(Supplied data begins)
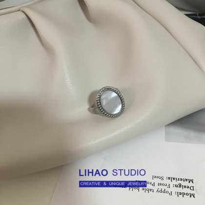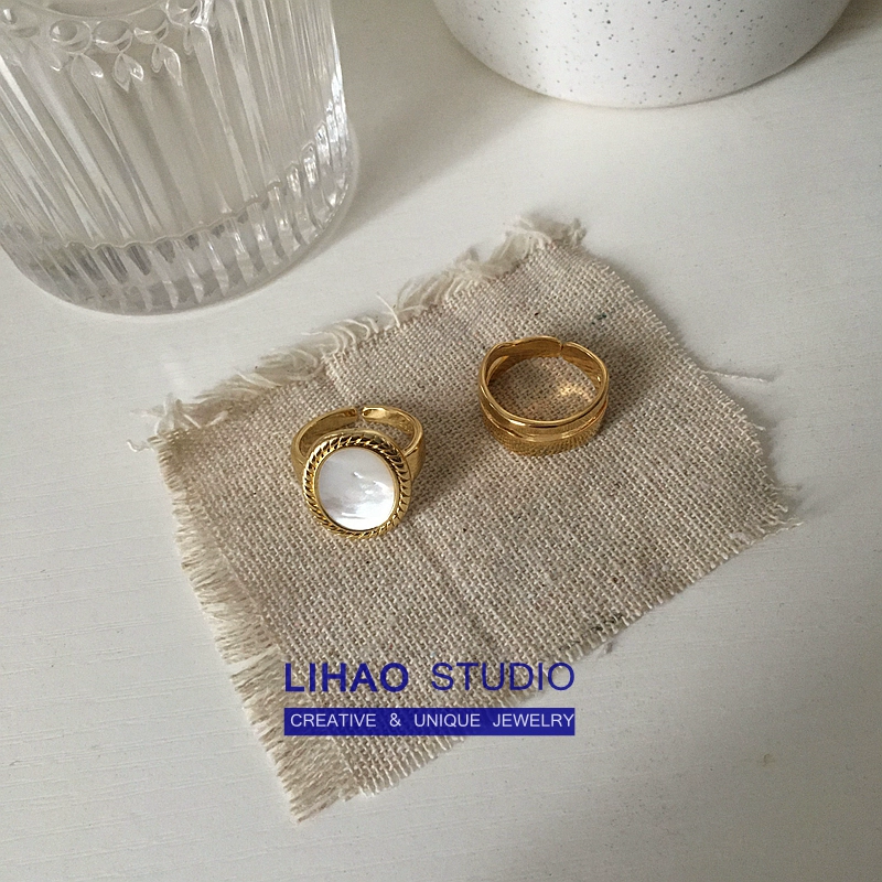 LIHAO المتخصصة الرجعية الخفيفة الفاخرة نسخة واسعة البيضاوي الأبيض خاتم أم اللؤلؤ المرأة INS العصرية شخصية الباردة نمط حلقة مفتوحة
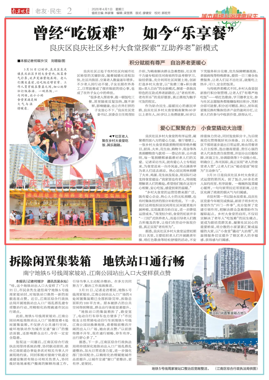 “很多老人图省事,做一顿饭吃三餐,甚至隔夜反复加热,既不新鲜,影响健康,也让在外打拼的子女放心不下。”良庆社区党委书记、居委会主任周茂恒介绍,为精准解决群众急难愁盼,社区骨干力量专程前往河南省西华县考察学习、取经借鉴,充分利用社区闲置土地,创新打造乡村大食堂,以“免费三餐+积分激励+老人自治”的全新模式,探索一条独具特色的互助式养老新路径,让“老有所养、老有所乐”的美好愿景,真正落地为触手可及的现实。
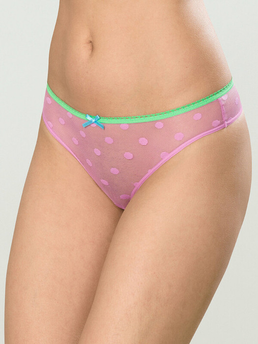 Прозрачные женские трусики-стринги с низкой посадкой. Эластик с сердечками по линии талии, мягкая сетка в горошек, яркие цвета – идеально для лета. Легко и комфортно. Трусы едва заметны и ощутимы под одеждой. Легко комплектовать с топом Pelican.
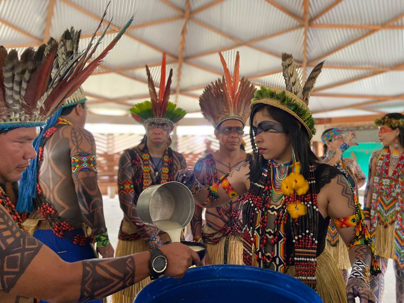 “Trago aqui meu povo com alegria para celebrar a vida e a natureza. Agradecer a Deus a dádiva da vida, de poder estarmos aqui com saúde depois de tudo que passamos. Estamos aqui para comemorar a vida neste dia tão importante, para apresentar a nossa cultura”, disse o cacique Joel Puyanawa.
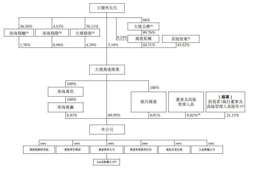 IPO前,大连万达商业持有珠海万达商管69.99%股权,王健林持有大连万达商业股权的52.68%,并间接持有珠海万达商管41.5%的股份,成为万达商管的第一大股东兼实控人。
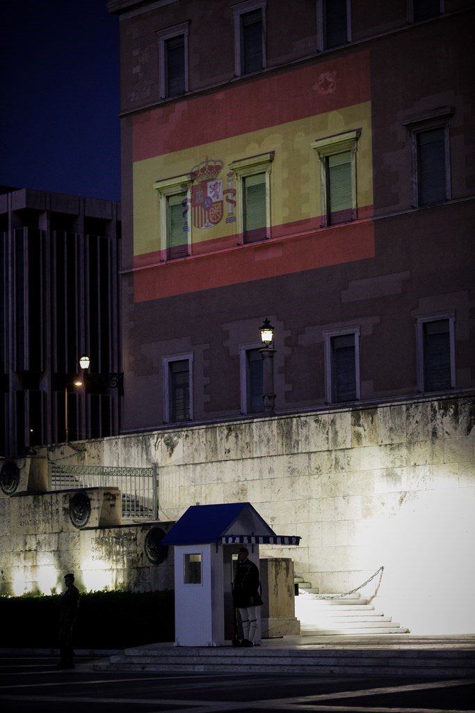 Στα χρώματα της Ισπανίας η ελληνική Βουλή ως ένδειξη αλληλεγγύης (φώτο)
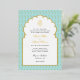Elégante, chic Véritable invitation en feuille d'or avec le Ganesh traditionnel dans une arche dorée avec un aqua et arrière - plan en cachemire d'or, Parfait pour mariage indien.Matching Haldi & mehendi Invitation est également disponible. Découvrez ma collection de mariages indiens.
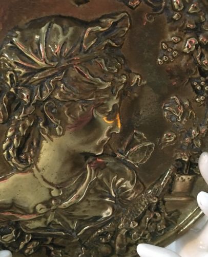 Title (ebay affiliate link): Exquisite Art Nouveau Bradley and Hubbard Brass Tray Plaque Woman Butterfly
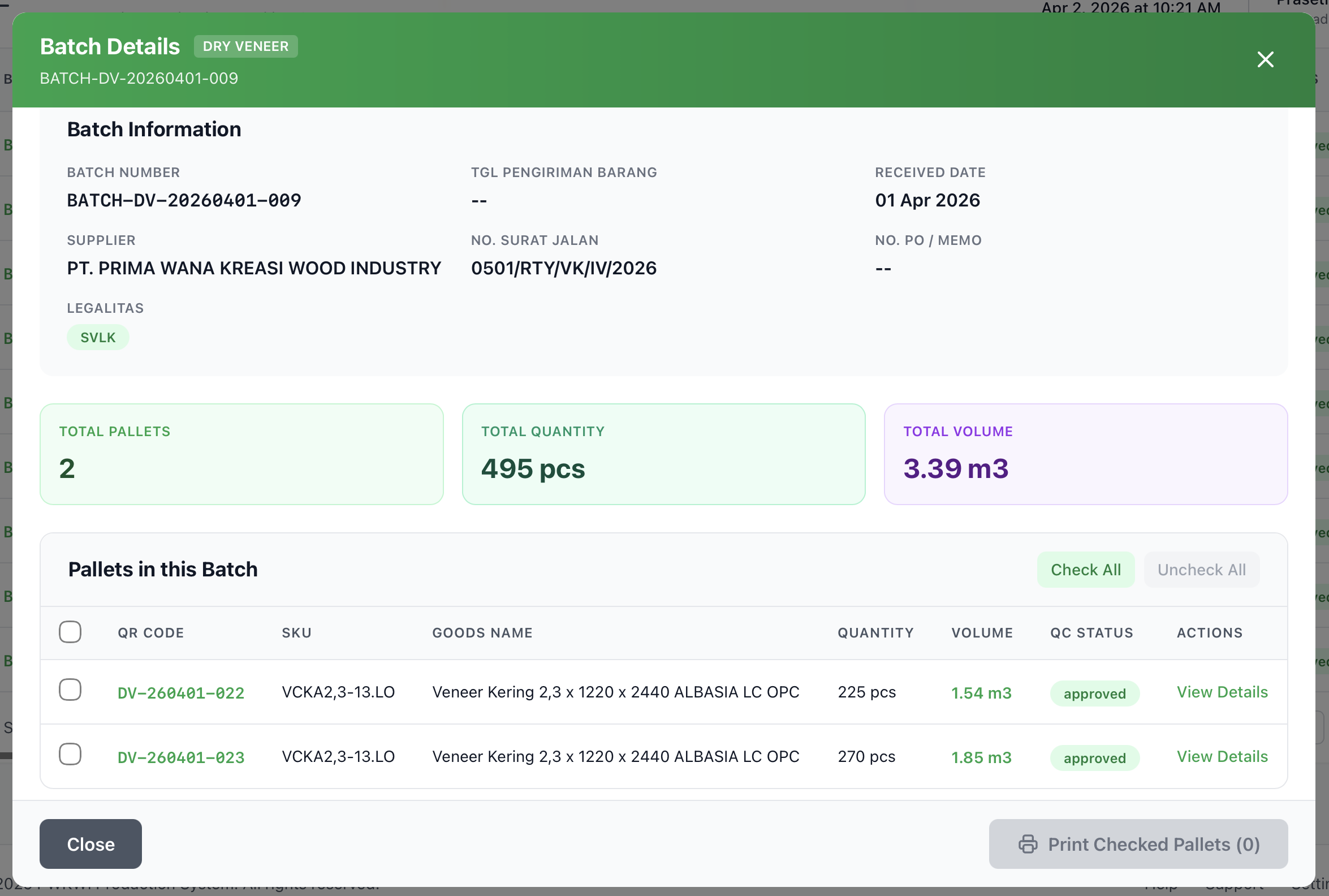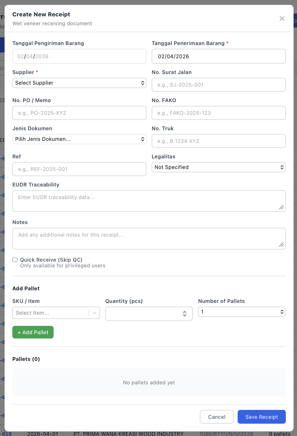 Perubahan SKU saat QC: Jika saat pemeriksaan kualitas ternyata jenis veneer berbeda dari yang dicatat, Anda dapat mengubah SKU saat konfirmasi QC. Sistem akan menghitung ulang volume berdasarkan dimensi SKU baru.
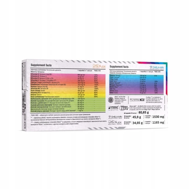 Vita-Min Multiple Sport – kompleksowe wsparcie dla każdego sportowcaIntensywny trening sprzyja rozwojowi sylwetki. Nie mniej jednak, wysiłek fizyczny generuje również straty w naszym organizmie. Tracimy m.in. cenne witaminy i minerały, których niedobór warto uzupełnić w codziennej diecie. Skutecznym sposobem jest suplementacja, w tym wypadku witaminowo-mineralnym kompleksem od Olimp Sport Nutrition – Vita-Min Multiple Sport wzbogaconym dodatkowo naturalnymi ekstraktami roślinnymi. Vita-Min Multiple Sport to dwie łatwe do połknięcia kapsułki, w których specjaliści Olimp Laboratories zamknęli kluczowe dla prawidłowego funkcjonowania organizmu mikroelementy. W białej kapsułce VITA – PLEX SPORT® znajdziemy szereg cennych witamin (A, C, D, E i grupy B) wspartych naturalnymi, bezpiecznymi w stosowaniu ekstraktami roślinnymi (bioflawonoidy cytrusowe, karczoch, zielona herbata, kwas ALA oraz piperyna), wzmacniającymi działanie suplementu diety. Niebieska kapsułka CHELA-MIN SPORT® natomiast zawiera niezbędne składniki mineralne (m.in. magnez, wapń, potas, cynk, żelazo), które występują w formie wysoko przyswajalnych chelatów aminokwasowych Albion. |
(Supplied data ends)
§ **Directions for this task**
Could every line above be set down exactly, with the pictures omitted?

§ **Written answer**
 LIHAO المتخصصة الرجعية الخفيفة الفاخرة نسخة واسعة البيضاوي الأبيض خاتم أم اللؤلؤ المرأة INS العصرية شخصية الباردة نمط حلقة مفتوحة
 “很多老人图省事,做一顿饭吃三餐,甚至隔夜反复加热,既不新鲜,影响健康,也让在外打拼的子女放心不下。”良庆社区党委书记、居委会主任周茂恒介绍,为精准解决群众急难愁盼,社区骨干力量专程前往河南省西华县考察学习、取经借鉴,充分利用社区闲置土地,创新打造乡村大食堂,以“免费三餐+积分激励+老人自治”的全新模式,探索一条独具特色的互助式养老新路径,让“老有所养、老有所乐”的美好愿景,真正落地为触手可及的现实。
 Прозрачные женские трусики-стринги с низкой посадкой. Эластик с сердечками по линии талии, мягкая сетка в горошек, яркие цвета – идеально для лета. Легко и комфортно. Трусы едва заметны и ощутимы под одеждой. Легко комплектовать с топом Pelican.
 “Trago aqui meu povo com alegria para celebrar a vida e a natureza. Agradecer a Deus a dádiva da vida, de poder estarmos aqui com saúde depois de tudo que passamos. Estamos aqui para comemorar a vida neste dia tão importante, para apresentar a nossa cultura”, disse o cacique Joel Puyanawa.
 IPO前,大连万达商业持有珠海万达商管69.99%股权,王健林持有大连万达商业股权的52.68%,并间接持有珠海万达商管41.5%的股份,成为万达商管的第一大股东兼实控人。
 Στα χρώματα της Ισπανίας η ελληνική Βουλή ως ένδειξη αλληλεγγύης (φώτο)
Elégante, chic Véritable invitation en feuille d'or avec le Ganesh traditionnel dans une arche dorée avec un aqua et arrière - plan en cachemire d'or, Parfait pour mariage indien.Matching Haldi & mehendi Invitation est également disponible. Découvrez ma collection de mariages indiens.
 Title (ebay affiliate link): Exquisite Art Nouveau Bradley and Hubbard Brass Tray Plaque Woman Butterfly
 Perubahan SKU saat QC: Jika saat pemeriksaan kualitas ternyata jenis veneer berbeda dari yang dicatat, Anda dapat mengubah SKU saat konfirmasi QC. Sistem akan menghitung ulang volume berdasarkan dimensi SKU baru.
 Vita-Min Multiple Sport – kompleksowe wsparcie dla każdego sportowcaIntensywny trening sprzyja rozwojowi sylwetki. Nie mniej jednak, wysiłek fizyczny generuje również straty w naszym organizmie. Tracimy m.in. cenne witaminy i minerały, których niedobór warto uzupełnić w codziennej diecie. Skutecznym sposobem jest suplementacja, w tym wypadku witaminowo-mineralnym kompleksem od Olimp Sport Nutrition – Vita-Min Multiple Sport wzbogaconym dodatkowo naturalnymi ekstraktami roślinnymi. Vita-Min Multiple Sport to dwie łatwe do połknięcia kapsułki, w których specjaliści Olimp Laboratories zamknęli kluczowe dla prawidłowego funkcjonowania organizmu mikroelementy. W białej kapsułce VITA – PLEX SPORT® znajdziemy szereg cennych witamin (A, C, D, E i grupy B) wspartych naturalnymi, bezpiecznymi w stosowaniu ekstraktami roślinnymi (bioflawonoidy cytrusowe, karczoch, zielona herbata, kwas ALA oraz piperyna), wzmacniającymi działanie suplementu diety. Niebieska kapsułka CHELA-MIN SPORT® natomiast zawiera niezbędne składniki mineralne (m.in. magnez, wapń, potas, cynk, żelazo), które występują w formie wysoko przyswajalnych chelatów aminokwasowych Albion. |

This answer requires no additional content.